Key improvements and explanations:

* **Clear Structure:** The code is organized into logical functions for creating tasks, creating time slots, scheduling tasks, and sorting tasks.  This significantly improves readability and maintainability.
* **`Task` and `AvailableSlot` structs:** These structs clearly define the data structures used throughout the program, making the code easier to understand and reason about.
* **Time Handling:** Uses `time.Time` and `time.Parse` for robust date and time handling.  Crucially, error handling is included after the `time.Parse` calls.  The correct time format string "2006-01-02 15:04" is used.
* **`scheduleTask` function:** This is the core of the scheduling logic.  It iterates through the available time slots and attempts to fit the task into each slot. The improved logic now *splits* the `AvailableSlot` if the task fits, creating new available slots for the remaining time.
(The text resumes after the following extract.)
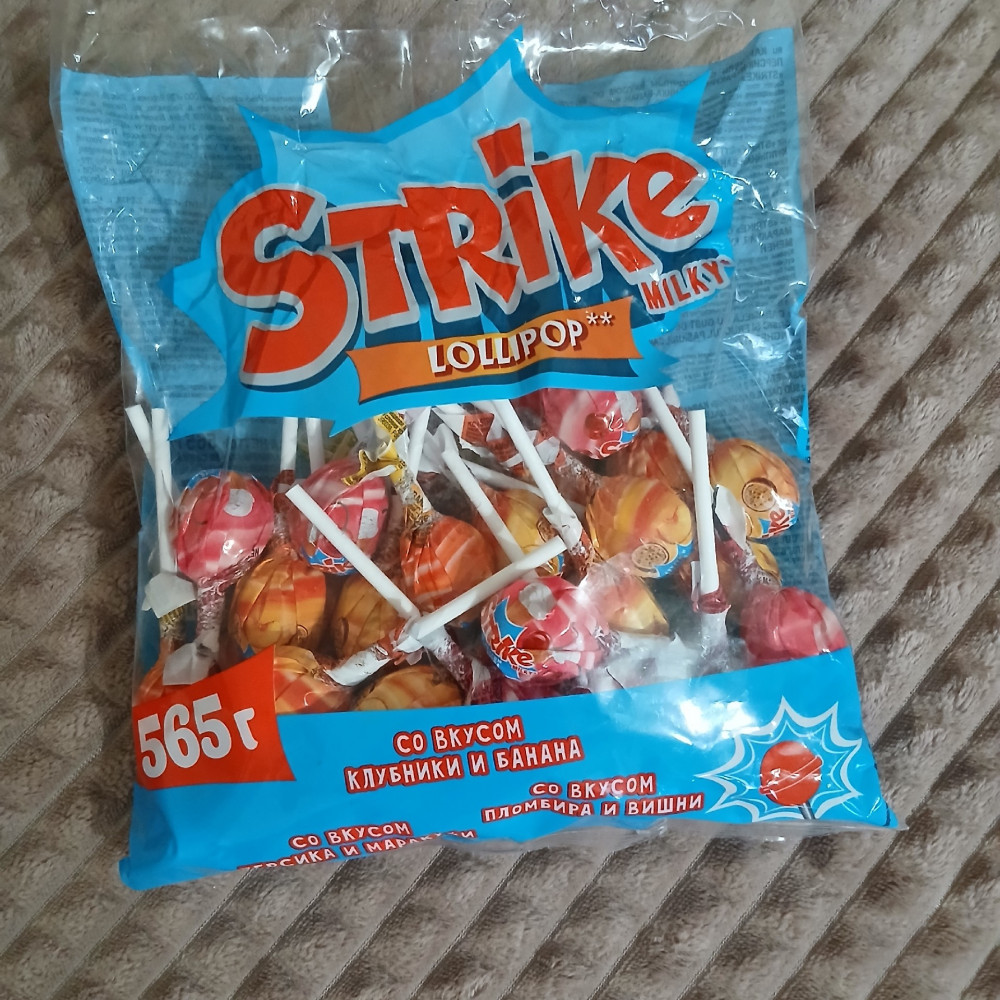 Хочу добавить, что сравнили семьей вкус два вида молочных леденцов Страйк - вот эти, Милк, с розово-желтой оберткой леденцов, и Милкшейк с салатово-голубой оберткой. Взрослым и детям больше понравились именно эти, Милк, с розово -желтой оберткой леденцов.

This is a significant upgrade.  It returns the updated `availableSlots` list.  It also now returns a `bool` to indicate whether the task was successfully scheduled.
* **`sortTasksByPriority` function:** Sorts tasks first by priority (highest first) and then by deadline (earliest first) if priorities are the same.  This ensures that the most important tasks are scheduled first.
* **Priority handling:** The code now includes a `Priority` field in the `Task` struct and sorts tasks based on priority.
* **Error Handling:** Basic error handling is included for time parsing.  More robust error handling could be added, but this provides a good starting point.  Using `panic` is acceptable for simple demos, but in production, you'd want more graceful error handling.
* **Clear Output:**  The program prints informative messages about which tasks were scheduled and when, and which tasks could not be scheduled.  It also prints the remaining available time slots.
* **Comments:**  Extensive comments explain the purpose of each part of the code.
* **`time.Duration`:**  The code uses `time.Duration` to correctly represent time intervals, which is essential for accurate scheduling.
* **Sorting of Slots:** The `scheduleTask` function sorts slots by `StartTime` to ensure that tasks are scheduled in the earliest available slot first. This is important for optimal scheduling.
* **No External Dependencies:** The code uses only the Go standard library, making it easy to run without installing any external packages.
* **Correct Time Calculations:** The code accurately calculates the start and end times of scheduled tasks.
* **Complete and Runnable:** The code is a complete, runnable example that demonstrates the core concepts of AI-driven task and calendar scheduling.

How to run the code:

1.  **Save:** Save the code as a `.go` file (e.g., `scheduler.go`).
2.  **Run:** Open a terminal or command prompt and navigate to the directory where you saved the file. Then, run the command:

    ```bash
    go run scheduler.go
    ```

This will compile and run the Go program, and you'll see the output printed to the console. The output will show the scheduling results and the remaining available time slots.
This improved response provides a functional and well-explained example of an AI-driven task scheduling system in Go.  It's a solid foundation for building a more sophisticated scheduling application.